**What the exercise asks:**
Reproduce word for word the line holding "パープル投稿4で、隣の黒ちゃ" and all lines after it in the data, through the end, leaving out pictures.

---- Information given

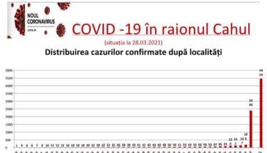 Nivelul de infectare cu virusul COVID–19 în raionul Cahul, la data de 28 martie 2021
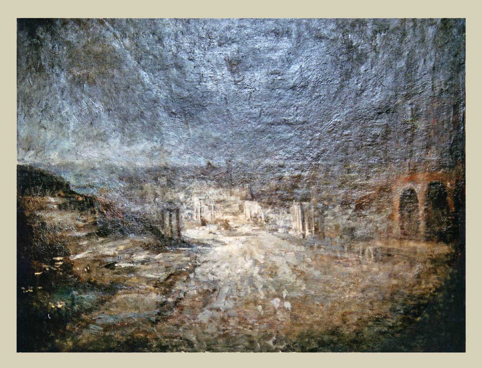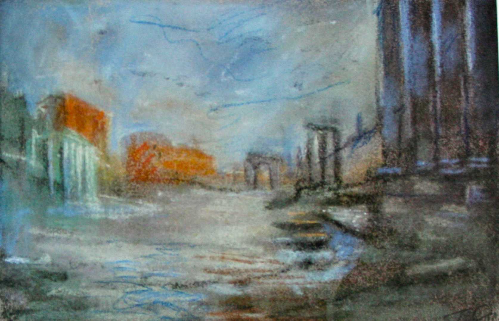 "Forum Romanum bij maanlicht" is severly damaged by water. The work
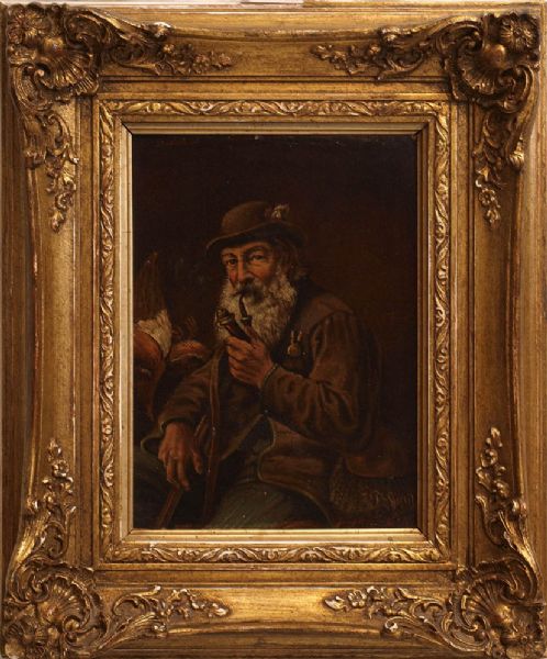Dreiviertelsportrait eines alten Jägers mit umgehängter
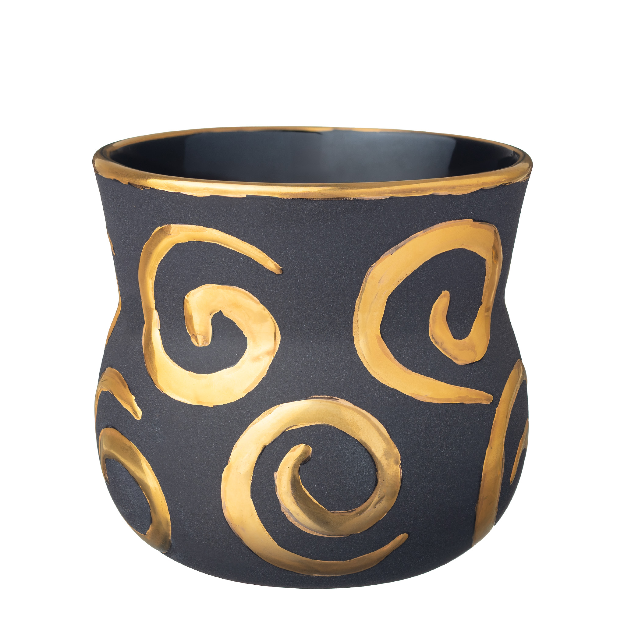 Handgerður Veltibolli úr svörtu postulíni, málaður með þykkri 24 karata gyllingu og þolir því ekki uppþvottavélar og örbylgjuofna. Bollinn hefur þann eiginleika að hitna ekki efst þegar hellt ... Sjá nánar
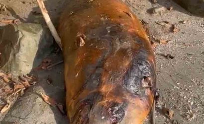 MARMARA DENİZİ’NDEN TEKİRDAĞ’IN SÜLEYMANPAŞA İLÇESİ BEYAZKÖY MEVKİİNDE KIYIYA VURAN VE ÇÜRÜMEYE BAŞLAYAN DENİZ CANLISI, VATANDAŞLARIN MERAK KONUSU OLDU.
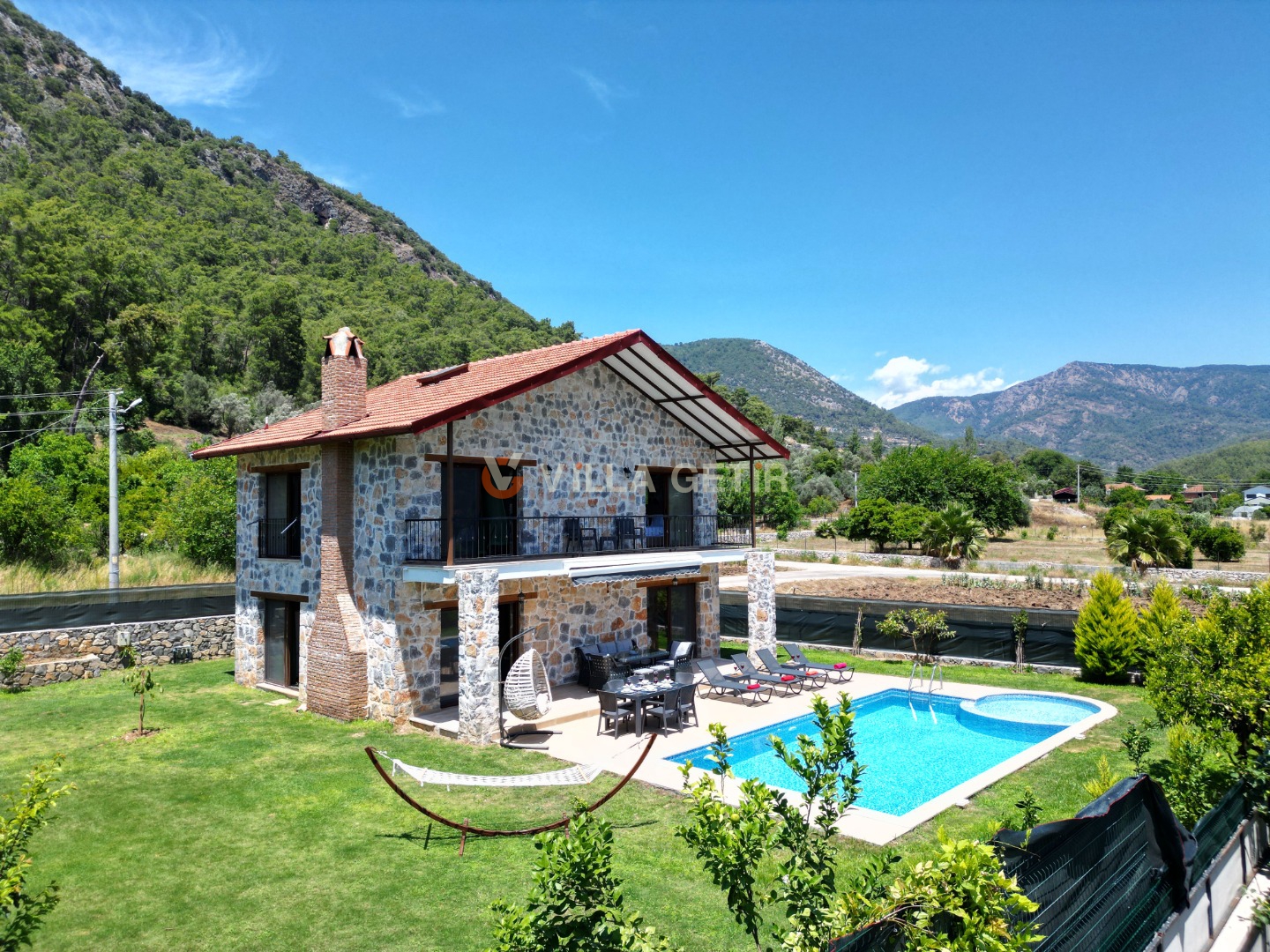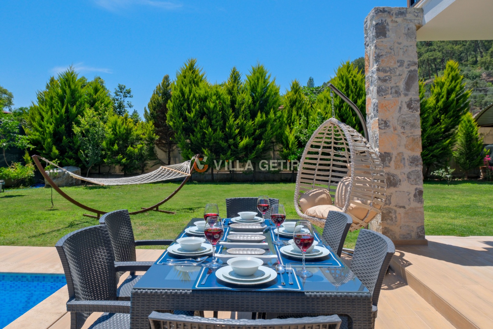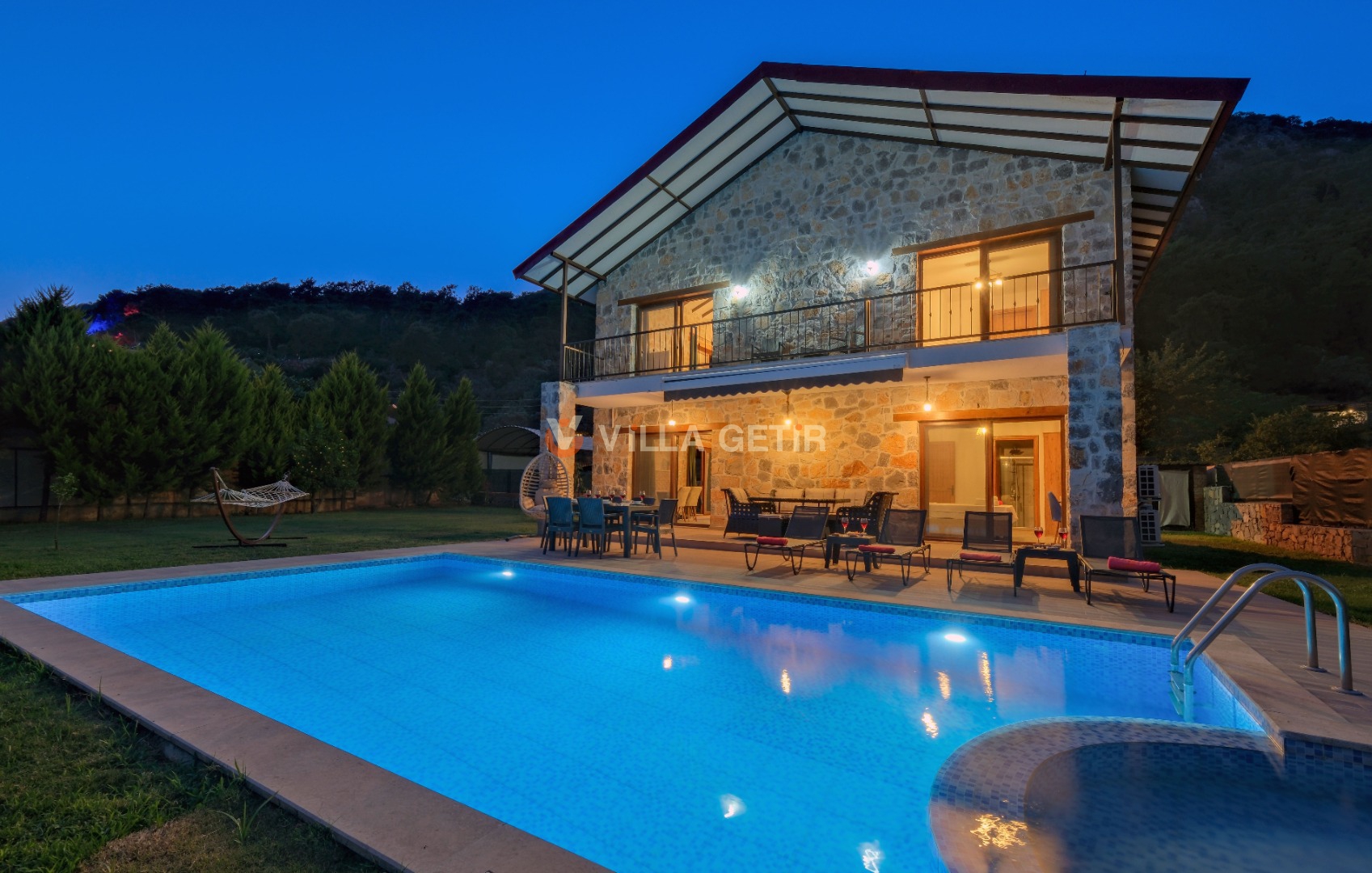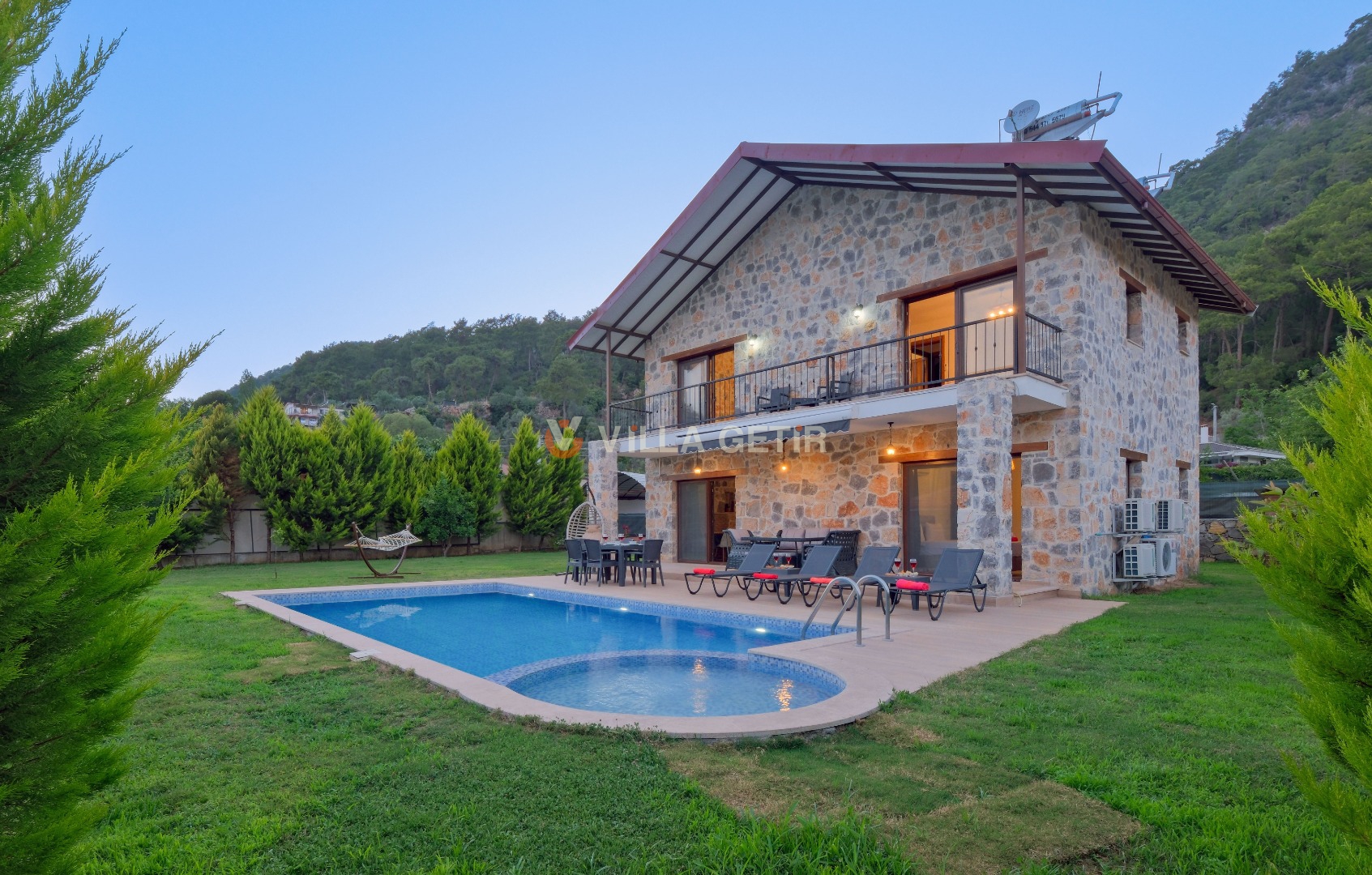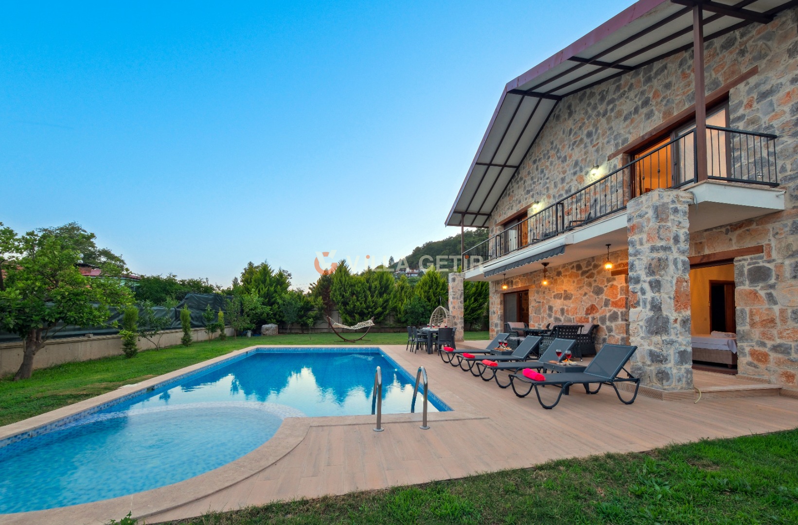 Kısmi korunaklı yemyeşil bahçe ve havuz alanında yer alan konforlu oturma grupları, kapasiteye uygun şezlong takımları ve salıncağı konumlandırılan villamızın iç mekanı da dış mekanı kadar konforlu ve ferah bir yaşam alanı sunmaktadır.
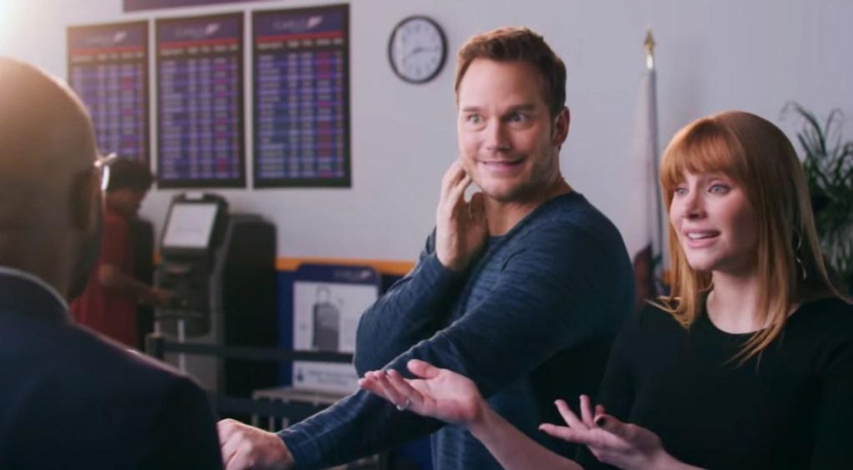 With news that United has banned all sorts of breeds of cats and dogs, this video featuring Chris Pratt trying to check in his service dinosaur couldn’t be timelier. The video shows the stars of Jurassic World, Pratt and Bryce Dallas Howard, placing a baby raptor in its cage onto the check-in counter.
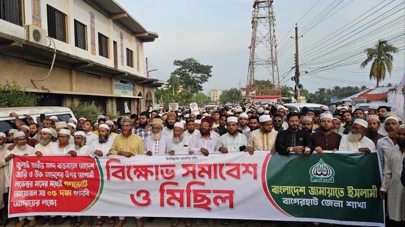 সমাবেশে বক্তারা বলেন,আমরা ন্যায্য দাবি নিয়ে রাজপথে নেমেছি। সরকারের দায়িত্ব হলো জনগণের কথা শোনা, না হলে জনগণ রাস্তায় নামবে। নির্বাচনে সবার জন্য সমান সুযোগ না দিলে শান্তিপূর্ণ রাজনৈতিক পরিবেশ সম্ভব নয়। অন্যদিকে, একটি দফা তাদের জেলা কার্যালয়ের অফিসের সামনে খেলাফত মজলিস বাগেরহাট জেলা শাখা বিক্ষোভ সমাবেশ করে। সমাবেশে সংগঠনের জেলা সেক্রেটারি ড. মো. ফরিদ উদ্দিন বলেন, আমরা স্পষ্ট জানিয়ে দিচ্ছি—দাবি আদায় না হলে আমরা কোনো নির্বাচনে অংশ নেব না। দেশজুড়ে যে অন্যায়, দমননীতি ও গণহত্যা চলছে, তার বিচার না হলে জনগণ রাস্তায়ই রায় দেবে। তিনি আরও বলেন,আগস্টের হত্যাযজ্ঞের বিচার এখনো হয়নি। যারা এই অন্যায়ের দায়ী, তাদের বিচারের আওতায় আনতে হবে। ইসলাম ও জনগণের অধিকার রক্ষার লড়াই আমরা চালিয়ে যাব। ইসলামী দলগুলো ৫টি দফা হলো, অবিলম্বে জুলাই জাতীয় সনদ ও এর আইনি ভিত্তি প্রদান। সংসদের উচ্চকক্ষে পিয়ার পদ্ধতিতে নির্বাচন। আওয়ামী ফ্যাসিবাদ ও দোসরদের অপরাধের বিচার দৃশ্যমান করা। আওয়ামী ফ্যাসিবাদের দোসরদের রাজনৈতিক কর্মকাণ্ড স্থগিত। নির্বাচনের সবার জন্য সমান সুযোগ (লেভেল প্লেয়িং ফিল্ড) তৈরি। সকল প্রাথমিক বিদ্যালয়ে ধর্মীয় শিক্ষক নিয়োগ।
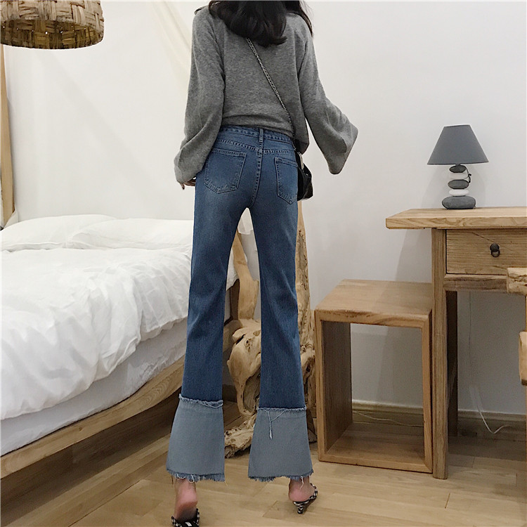 褲子女2018新款韓版拼接氣質chic撞色排扣高腰顯瘦微喇叭牛仔褲潮
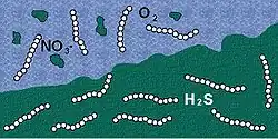 Thiomargarita namibiensis — хемолитотрофная бактерия, которая может использовать нитрат как конечный акцептор электронов в электрон-транспортной цепи. Она окисляет сульфид (S2-), служащий донором электронов, до элементарной серы (S0), которая откладывается в периплазме в виде хорошо преломляющих свет матовых гранул, делающих клетку похожей на жемчужину. Общее уравнение окислительно-восстановительной реакции, протекающей в клетках Thiomargarita namibiensis:
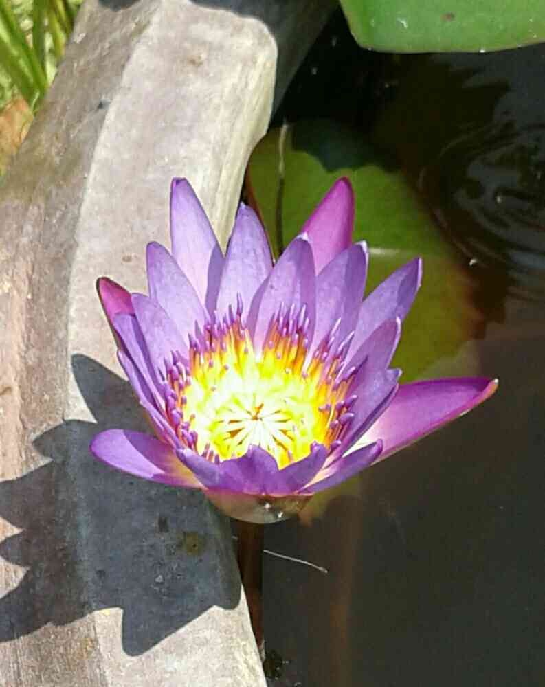 パープル投稿4で、隣の黒ちゃん🐱が水飲み場にしているスイレン鉢の熱帯スイレンです。
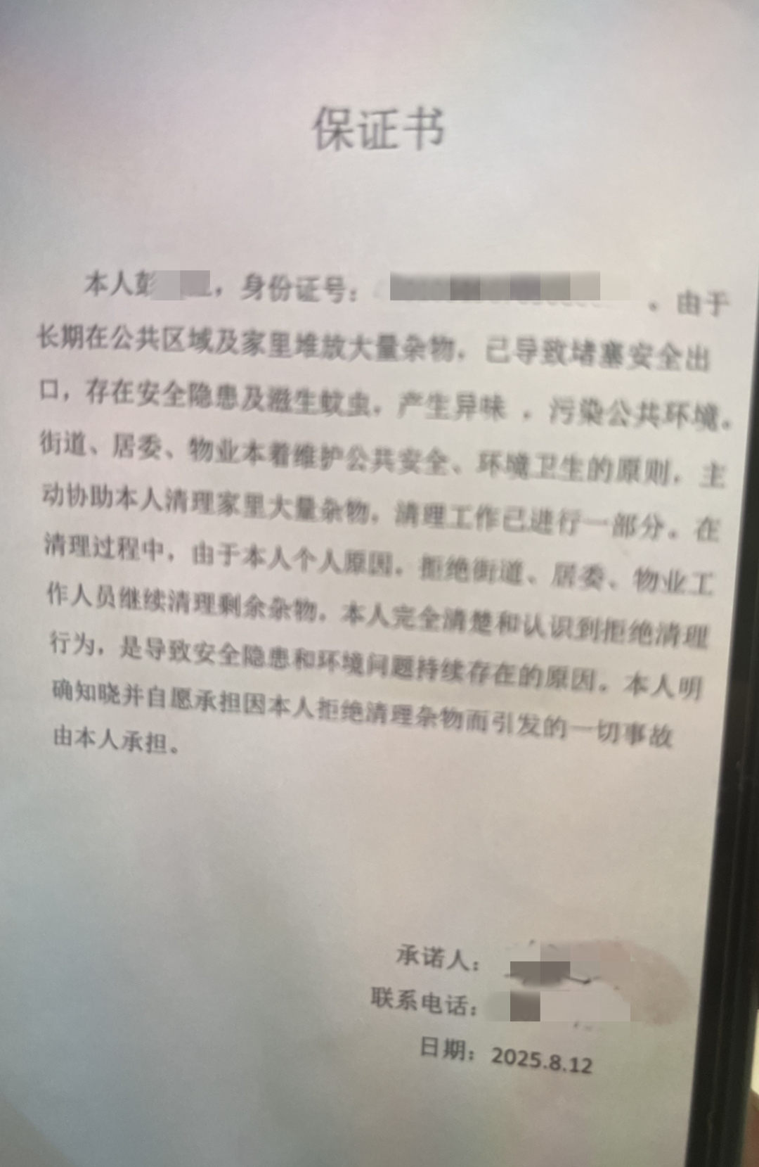 彭姨曾写下保证书,但并未兑现。
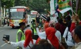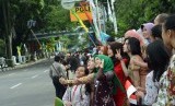 REPUBLIKA.CO.ID, BANDUNG -- Sambil mengibarkan bendera negara-negara Asia dan Afrika, ribuan warga dan para pelajar Kota Bandung menyambut kedatangan pejabat negara dan para delegasi Peringatan Konferensi Asia Afrika (KAA) ke-60 di Gedung Merdeka, Kota Bandung, Jumat (24/4).
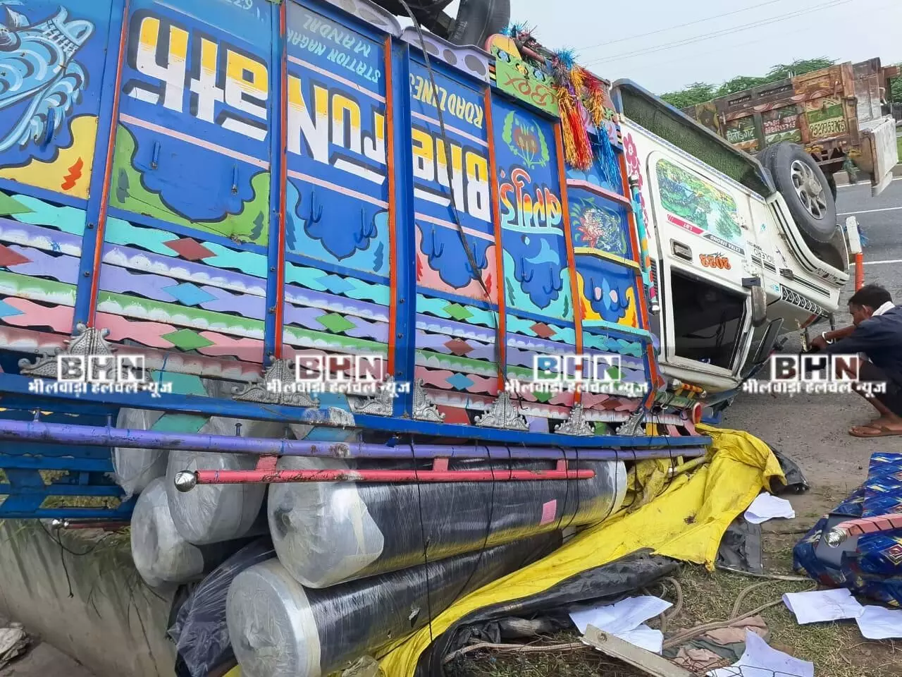 भीलवाड़ा चित्तौड़गढ़ नेशनल हाईवे पर पिकअप गाड़ी अनियंत्रित होकर पलटी

--------

**Solution below:**
 パープル投稿4で、隣の黒ちゃん🐱が水飲み場にしているスイレン鉢の熱帯スイレンです。
 彭姨曾写下保证书,但并未兑现。
 REPUBLIKA.CO.ID, BANDUNG -- Sambil mengibarkan bendera negara-negara Asia dan Afrika, ribuan warga dan para pelajar Kota Bandung menyambut kedatangan pejabat negara dan para delegasi Peringatan Konferensi Asia Afrika (KAA) ke-60 di Gedung Merdeka, Kota Bandung, Jumat (24/4).
 भीलवाड़ा चित्तौड़गढ़ नेशनल हाईवे पर पिकअप गाड़ी अनियंत्रित होकर पलटी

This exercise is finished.